Task details — Everything in the records below from the line containing "The table below" through the line containing "Mehevät lihattomat pullat" is to be reproduced exactly, those two lines included; no picture is to be copied.

Given data —
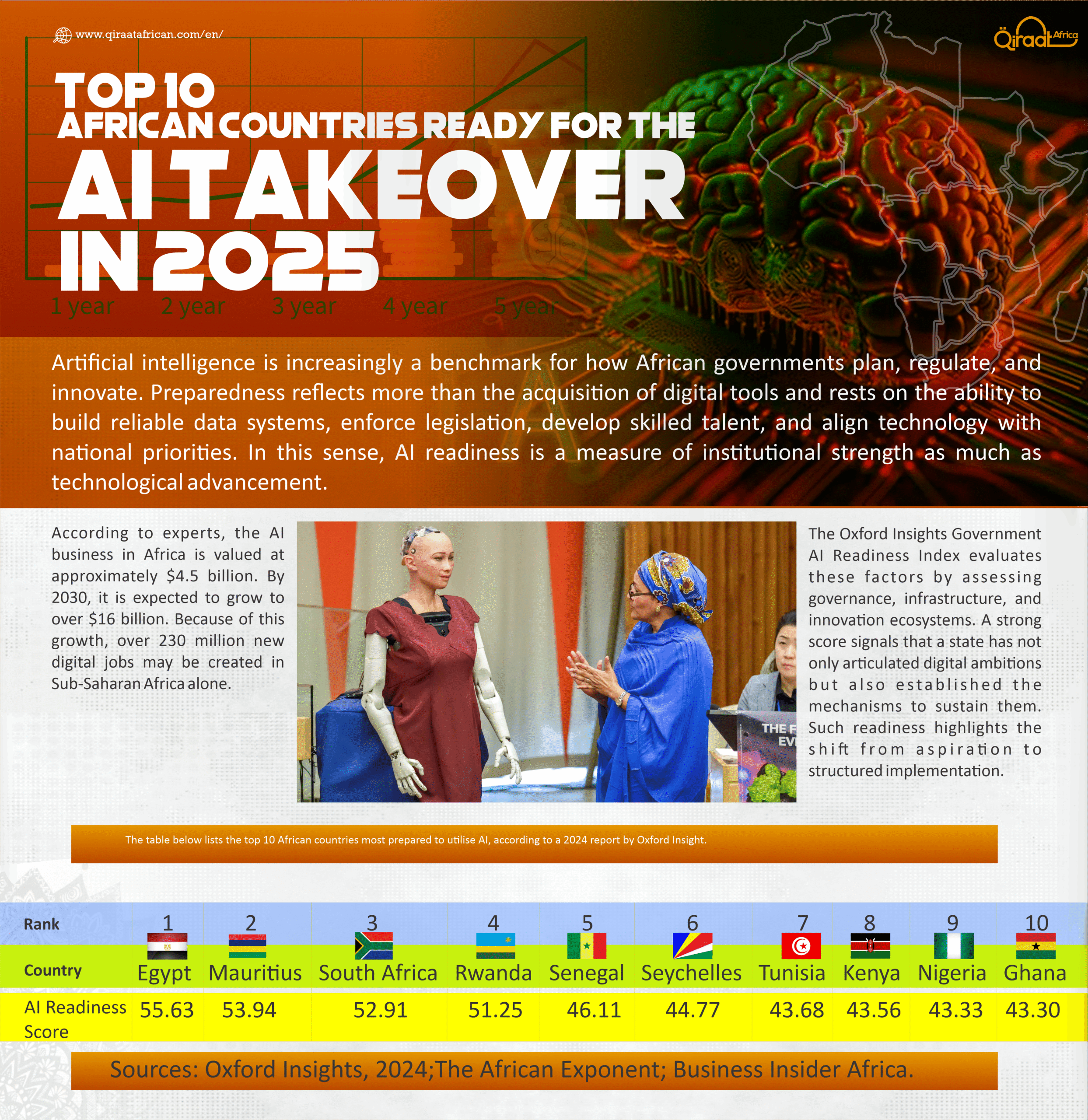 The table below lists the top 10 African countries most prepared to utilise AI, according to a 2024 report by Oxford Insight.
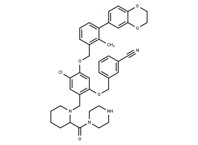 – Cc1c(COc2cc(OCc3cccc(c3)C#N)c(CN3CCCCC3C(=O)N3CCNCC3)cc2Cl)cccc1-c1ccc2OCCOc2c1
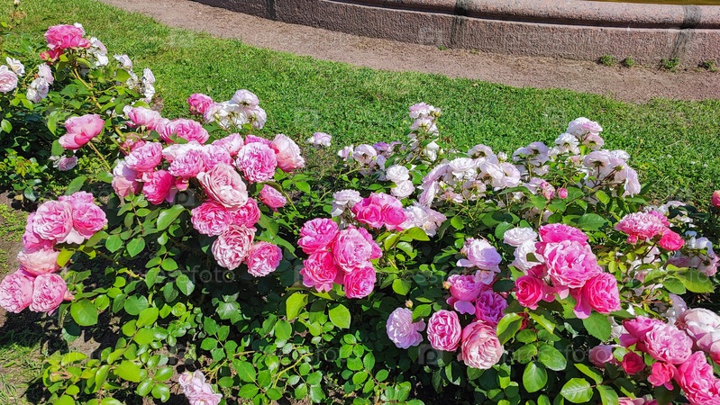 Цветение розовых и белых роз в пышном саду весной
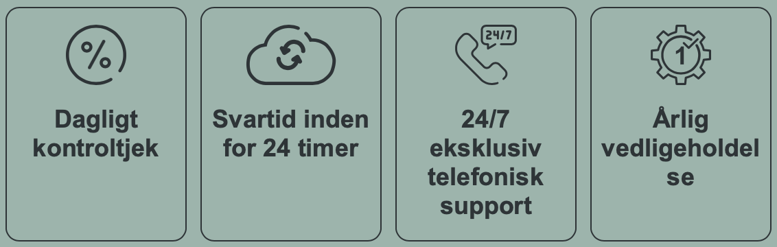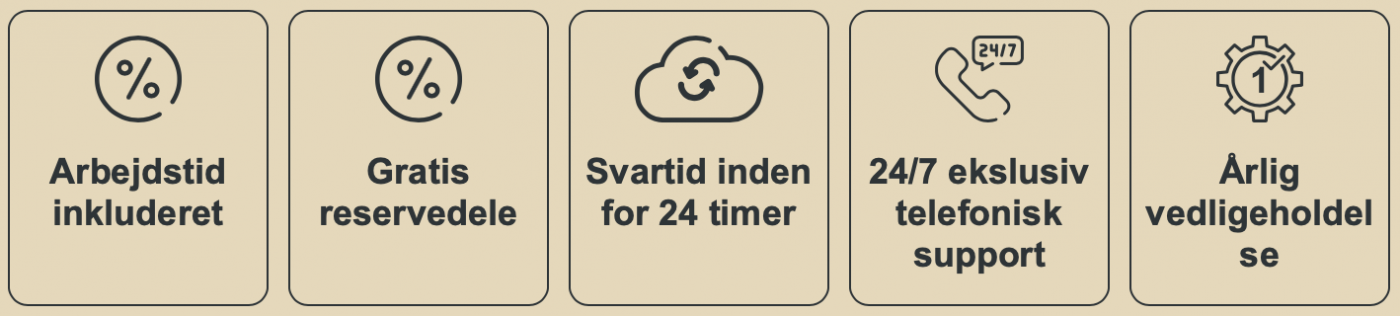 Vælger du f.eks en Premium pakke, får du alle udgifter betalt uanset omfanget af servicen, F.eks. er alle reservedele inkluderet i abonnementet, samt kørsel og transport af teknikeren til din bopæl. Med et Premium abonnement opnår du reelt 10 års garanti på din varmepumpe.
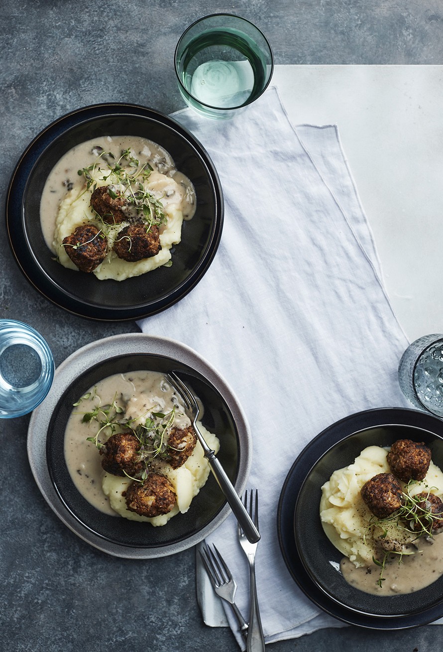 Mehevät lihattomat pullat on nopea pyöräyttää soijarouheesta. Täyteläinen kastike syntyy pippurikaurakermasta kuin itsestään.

---

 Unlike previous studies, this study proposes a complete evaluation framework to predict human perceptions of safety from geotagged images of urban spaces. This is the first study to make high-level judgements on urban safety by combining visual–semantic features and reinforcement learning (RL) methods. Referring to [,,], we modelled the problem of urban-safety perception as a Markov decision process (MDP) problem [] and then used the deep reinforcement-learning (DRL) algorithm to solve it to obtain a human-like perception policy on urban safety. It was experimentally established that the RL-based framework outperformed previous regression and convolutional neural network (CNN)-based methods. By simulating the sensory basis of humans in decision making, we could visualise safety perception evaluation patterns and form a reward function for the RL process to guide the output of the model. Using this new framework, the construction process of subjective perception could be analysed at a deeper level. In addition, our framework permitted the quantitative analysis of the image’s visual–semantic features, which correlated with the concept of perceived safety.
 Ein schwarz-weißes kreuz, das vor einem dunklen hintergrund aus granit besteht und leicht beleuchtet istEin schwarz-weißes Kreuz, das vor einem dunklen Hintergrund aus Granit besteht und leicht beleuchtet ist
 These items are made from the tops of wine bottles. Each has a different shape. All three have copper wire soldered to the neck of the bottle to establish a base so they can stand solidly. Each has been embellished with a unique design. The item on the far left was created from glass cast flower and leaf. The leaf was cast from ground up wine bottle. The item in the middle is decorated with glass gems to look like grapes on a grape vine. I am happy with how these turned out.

Output below —
 The table below lists the top 10 African countries most prepared to utilise AI, according to a 2024 report by Oxford Insight.
 – Cc1c(COc2cc(OCc3cccc(c3)C#N)c(CN3CCCCC3C(=O)N3CCNCC3)cc2Cl)cccc1-c1ccc2OCCOc2c1
 Цветение розовых и белых роз в пышном саду весной
 Vælger du f.eks en Premium pakke, får du alle udgifter betalt uanset omfanget af servicen, F.eks. er alle reservedele inkluderet i abonnementet, samt kørsel og transport af teknikeren til din bopæl. Med et Premium abonnement opnår du reelt 10 års garanti på din varmepumpe.
 Mehevät lihattomat pullat on nopea pyöräyttää soijarouheesta. Täyteläinen kastike syntyy pippurikaurakermasta kuin itsestään.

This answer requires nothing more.